Diving into darkness
Willing to dive deep

I know I have asked myself the question ‘Do I matter?’ from time to time. I know of other’s who also find themselves struggling with that question. At such times it seems common to look outside for evidence, and when we actively look it seems that often the world conspires to assert that we indeed don’t matter. Hmm! What to do?

The best person, and only person capable of truly affirming your value, is you. Other people may help, may provide support, may be there at times to lift you when down, but no one other than you is always with you. The challenge is finding the truth of your value within yourself when all your learned behaviours and protective patterns support your fear that you do not matter. And when you do negatively judge yourself that is when you seem to draw negativity towards you like a massive, unrelenting magnet. Even more important then, it is crucial that you are able to connect with yourself, with your needs, and dive below the seaweed of fear and muddiness of hurt to the place of unencumbered beauty and light that does exist deep within you. First you must step into the apparent darkness to find it.

What do you identify with as defining your value? Do you refer to external feedback and measures such as popularity, praise from others, financial or other success, possessions, rivalry with and one-upmanship of others? Do you have access to your own inner voice that speaks to you of your value irrespective of the feedback from the outside world? Can you weather the buffeting of an unwelcoming or critical world that rips you down rather than builds you up? When the world does turn on you, how do you find your worth then? How do you remain connected with or reconnect with your worth and that you matter in those dark moments?

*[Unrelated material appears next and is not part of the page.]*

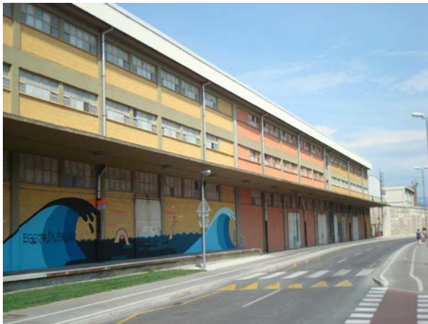
Slika 4 Skladiščna zgradba

One key thing at such times is to truly love and accept yourself as you are. If you have hit a dark patch you may well be working really hard to do the right thing. You may find that lots of energy and activity is undertaken in an effort to save yourself from the abyss you secretly fear will swallow you? You may be using distraction and procrastination to avoid engaging with your fear of your circumstances. You may know you must work hard and then get annoyed as you get distracted by petty diversions you know do not help. You may work really hard to help others at your own expense (because there are things you need to be doing for yourself) so that even if you perish you know you’re a worthy being. Whatever your pattern, however you manifest your inability to apply yourself as effectively and productively as you know you should, love yourself for who you are. Accept yourself as you are. Forgive yourself for your shortcomings. Show true compassion to yourself. Open your heart to your own inner self, and drop any expectation of any particular performance. Reconnect with yourself, and recognise should, must and other such directive words are from your critic. They lack love, and will not support you as a person who is currently hurting. Own up to your pain, to the emptiness within, and pour the light of your own love into your soul. If you do have a friend who can support you in that moment all the better, but there is not greater gift that you can offer yourself than to love yourself in that moment when you do not feel worthy of it. Then you get to start learning how much you matter to yourself, and actually begin to demonstrate that it is true, attend to yourself and your needs in a gentle and authentic manner.